И на лестнице, спускаясь в столовую, Петрик, шедший впереди, сказал глухим голосом:
— Пусть на тот… Мой портрет…. Прицепят георгиевский и креповый, черного крепа бант…
В его голосе было с трудом сдерживаемое рыдание.

ХLIII

Обедали молча. Оба ничего не ели. Блюда приносили и уносили нетронутыми. Долле часто поглядывал на золотые часики браслет, бывшие у него на руке. Он точно кого-то поджидал, куда-то спешил. Когда подали сладкое, апельсиновое желе, и опять, как и за завтраком, розлили по бокалам шампанское, Долле приказал лакею сказать шоферу, чтобы подали автомобиль.

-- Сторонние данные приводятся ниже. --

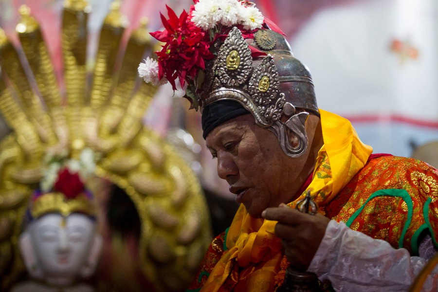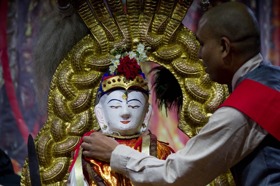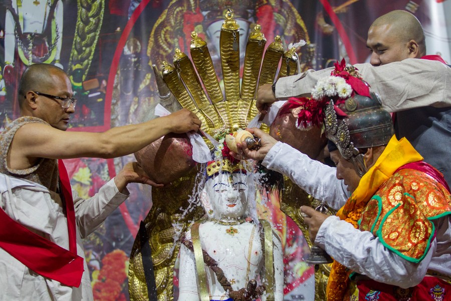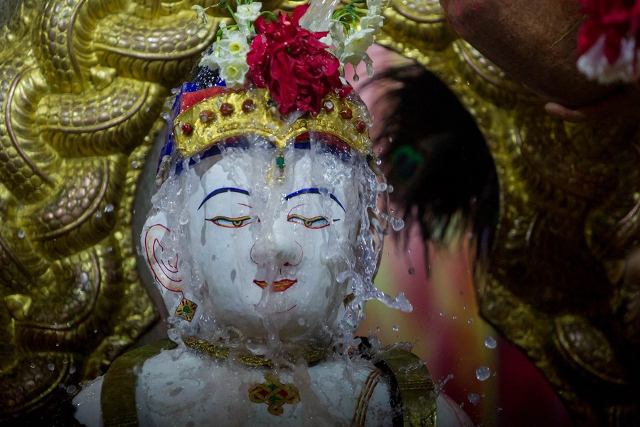 Priests perform a bathing ritual of God Seto Machhindranath in Kathmandu, Nepal on Dec. 30, 2022. (Photo by Sulav Shrestha/Xinhua)
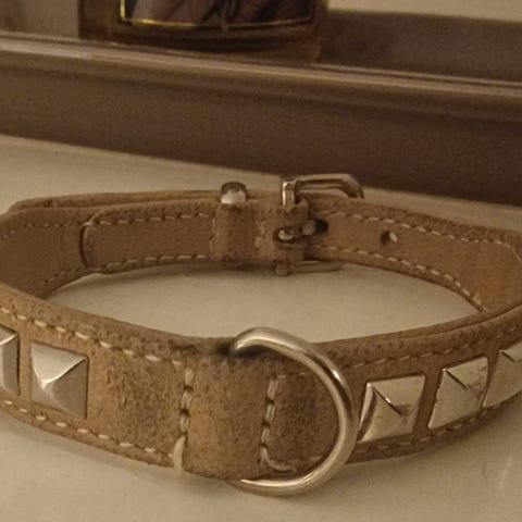 Stilig skinnhalsbånd selges. Passer til valp eller hund av liten størrelse.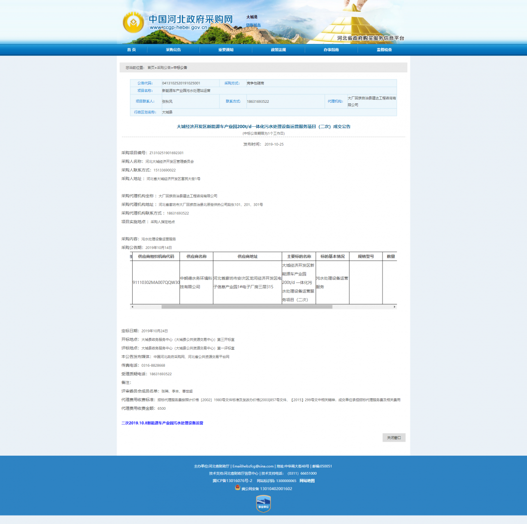 熱烈祝賀中朗德水務(wù)環(huán)境科技有限公司于2019年10月24日在河北廊坊“大城經(jīng)濟(jì)開發(fā)區(qū)新能源車產(chǎn)業(yè)園200t/d一體化污水處理設(shè)備運(yùn)營服務(wù)項(xiàng)目(二次)”的投標(biāo)活動(dòng)中,一舉中標(biāo)!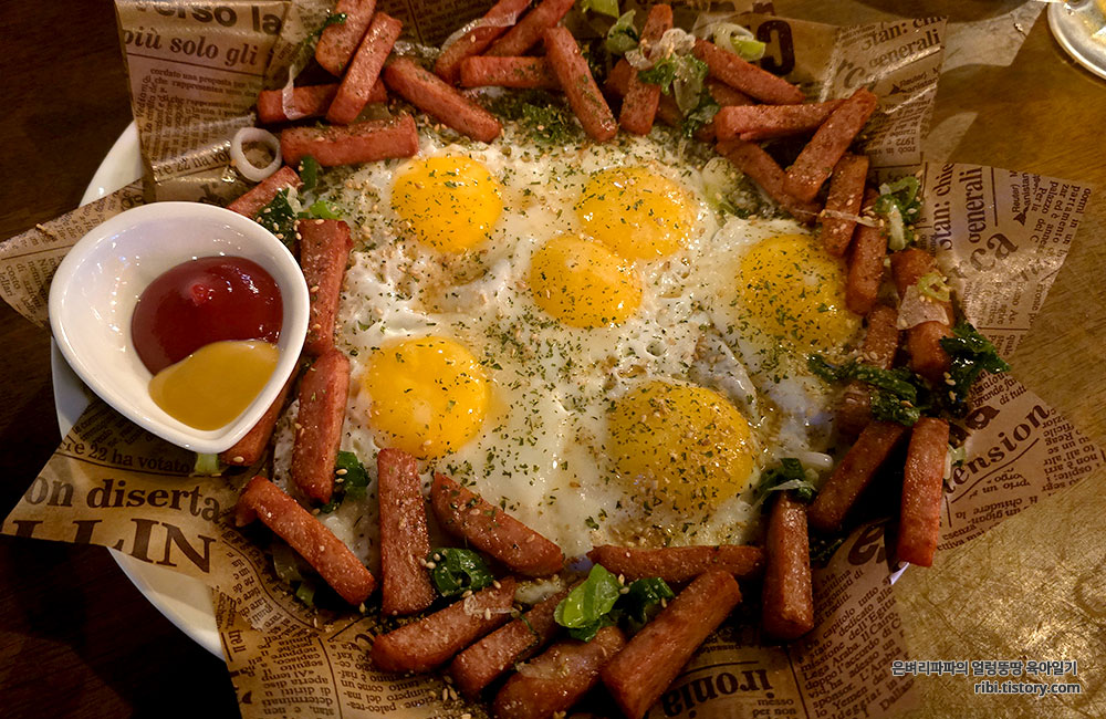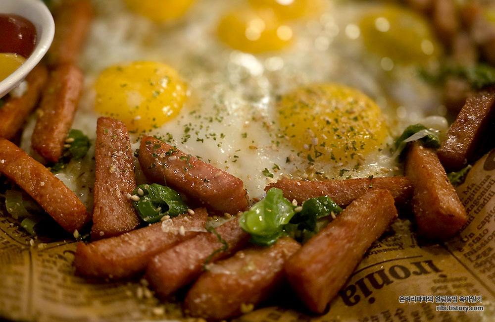 계란 노른자는 반숙으로 구운 프라이와 튀기듯 바삭 구운 스팸이 맥주안주로 정말 좋습니다.

— Поедем, милый Петрик. Жаль, что дождь… Но, как я сказал тебе утром, ты в особенный пожаловал ко мне день. И видно так Богу угодно. Я для тебя найду дело.
— Мне ничего, Ричард, находить не надо. Я давно думал об этом, да все никак не мог решиться. Все наша эмигрантская тина и Парижское болото меня засасывали. Все я приказа ждал. Проклятая привычка на все ожидать приказа. А я, между прочим, прочел недавно маленькую этакую книжечку Амфитеатрова ‘Стена плача и стена нерушимая’ называется… Много правды… Ах, много горькой правды там сказано!.. Надо в леса идти. Партизанить надо… Надо ‘их’ стрелять… За Россию, за Государя, за армию, за Алю, за все, за все им мстить надо, чтобы неповадно было им все это делать. Надо с братьями Русской Правды работать… Убьют?… И пусть!.. Я всегда мечтал умереть по-солдатски… Вот это будет честная, достойная полка смерть…. Капля? Пускай капля воды…

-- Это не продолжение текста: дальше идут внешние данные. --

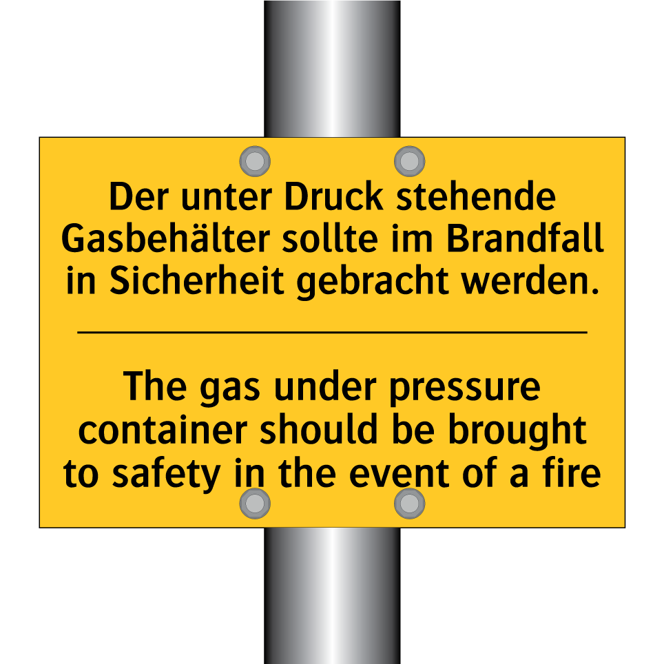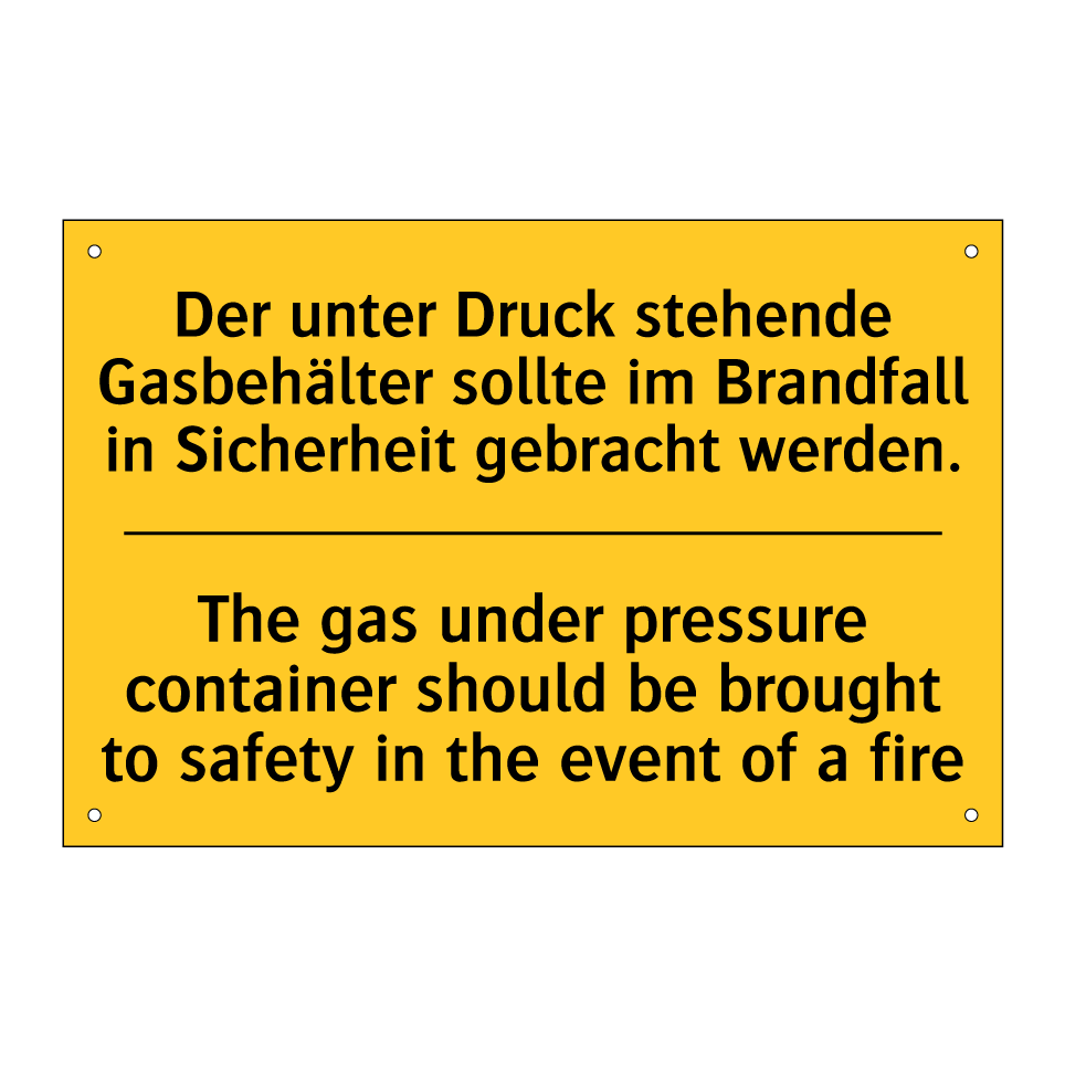 Zweisprachiges Warnschild mit deutschem Text Der unter Druck stehende Gasbehälter sollte im Brandfall in Sicherheit gebracht werden. und englischem Text The gas under pressure container should be brought to safety in the event of a fire
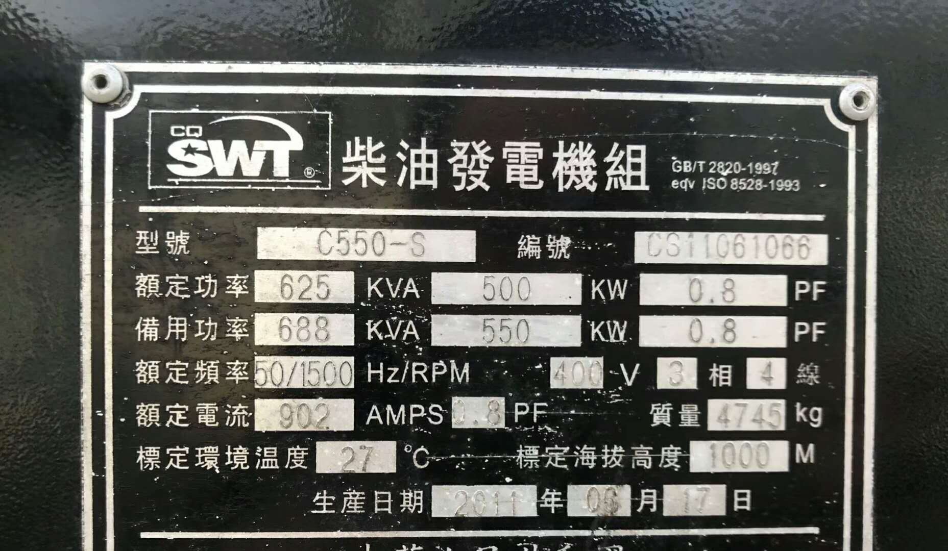 500KW重庆康明斯二手柴油发电机组。康明斯直属公司,重庆赛瓦特出品。之前是一家写字大楼应急消防备用发电机,很少使用,累计运行时间35小时,机器没有动过螺丝,外观成色八五成新。 整机高配置斯坦福电球、电脑智能控制系统,操作简单,一键启动,一键停机,正太机组带自保护功能,使用过程中有任何问题,机组会进行强制停机。机组带自启动、无人值守功能。

— Капли воды долбят твердый кремень, — сказал Долле.
— Вот видишь… А если капель-то много? Если целая Hиагара соберется? А то что?.. На всю эмиграцию… Один Конради и один Коверда!.. Да и тех забыли…

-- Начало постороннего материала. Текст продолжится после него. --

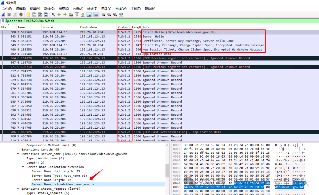 上线后wireshark抓包查看通信建立过程,可以看到全是TLSv1.2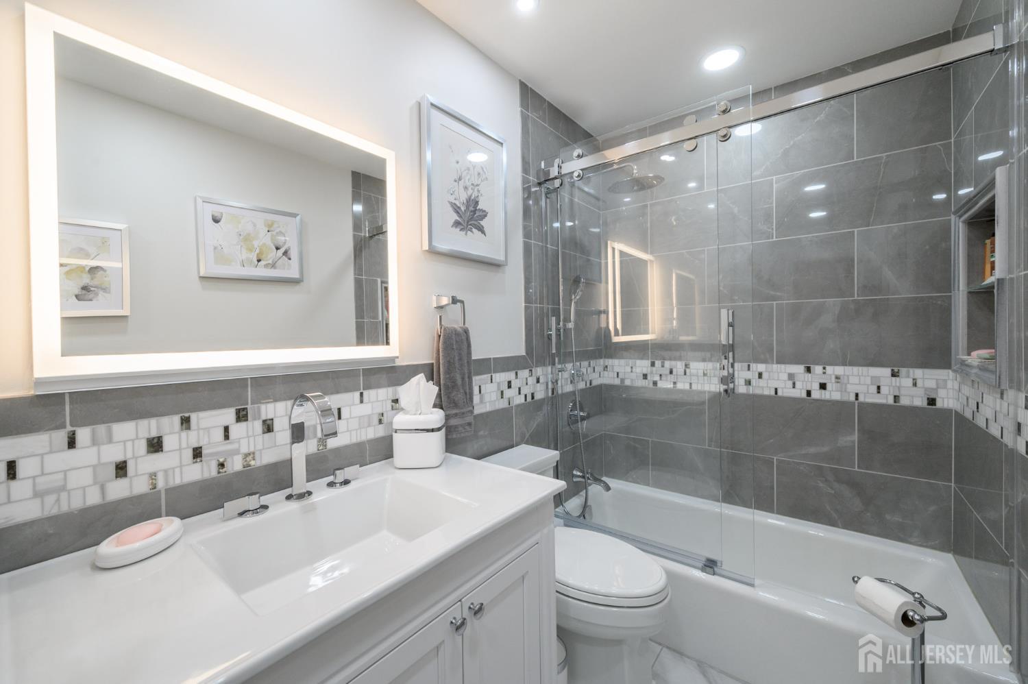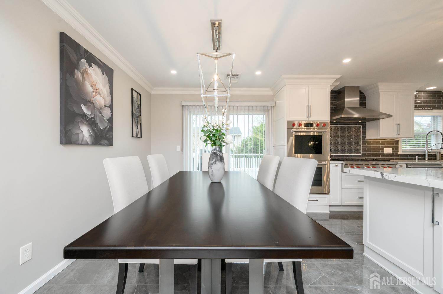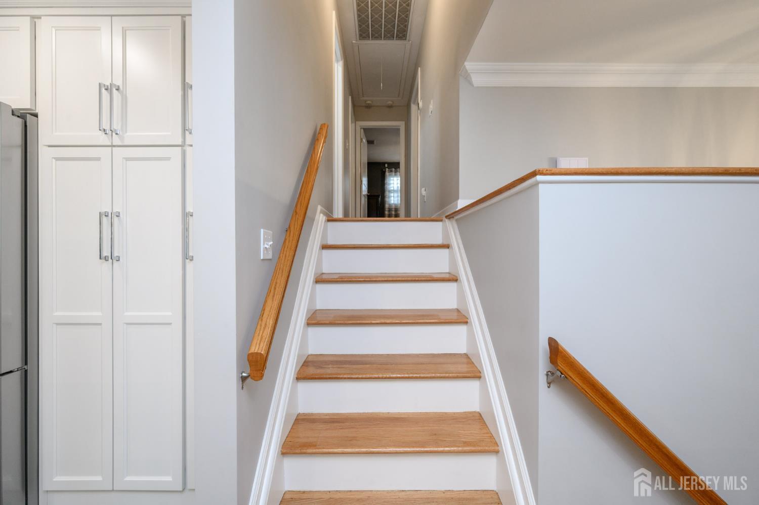 Home Sweet Home! Beautiful 3 Bed 2 Bath Turn-Key Split with 1 Car Garage in the sought after Chestnut Hill section of desirable Clark is sure to impress! Well maintained inside and out with curb appeal and plenty of modern upgrades all through, move-in-ready and waiting for you. Inviting foyer entry welcomes you in to find a spacious and sophisticated interior with generous room sizes, hardwood floors that shine, recessed lighting, and plenty of natural light all through. Light and bright living room with crisp crown molding and big bay window brings in tons of natural light, and flows seamlessly into the elegant dining room and gorgeous open eat-in-kitchen for easy living and entertaining. Formal dining room and eat-in-kitchen are adorned with sleek ceramic tile flooring, crown molding, and sliders off the dining area open to the rear deck for easy al fresco dining. Gourmet eat-in-kitchen will delight any home chef, offering top-of-the-line SS appliances, upgraded Quartz counters, tiled backsplash, ample cabinet storage, and center island that is ideal for gathering. Head upstairs to find the beautifully updated main full bath, along with all 3 generous bedrooms with plush carpets and lighted ceiling fans for added comfort. The finished lower level holds a beautiful family room with sliders to the outdoor paver patio, along with a 2nd upgraded full bath. Basement with laundry facilities, sink, and utilities offers plenty of storage space. Peaceful, park-like backyard with 20x25 Trex deck, paver patio and storage shed is partially fenced-in for your privacy and comfort, and is perfect for summer gatherings. 1 car garage with double wide paver drive offers plenty of guest parking & lighting. Paved walkways & exterior lighting w/timer adds to this home's ambiance, along with beautiful landscaping. This home also features leaf gutter guards and 8 outdoor security cameras around the property. All in a great neighborhood, just minutes to the elementary school, close to parks, shopping, dining, and easy access to the GSPWY for a seamless commute. Don't miss out! Truly a Move-in-Ready MUST SEE!! **Showings Begin 3/28/26**

— Я совершенно с тобою согласен, но раньше посмотрим, что я могу тебе в этом направлении предложить, и тогда решишь. Я тебе сказал, что мне нужны миллионы… Они у меня уже есть…. Приступим…
Долле подошел к Петрику и, обняв его, повел из столовой. Они надели пальто и, выйдя на улицу, сели в прекрасный ‘Роллс-Ройс’ Долле.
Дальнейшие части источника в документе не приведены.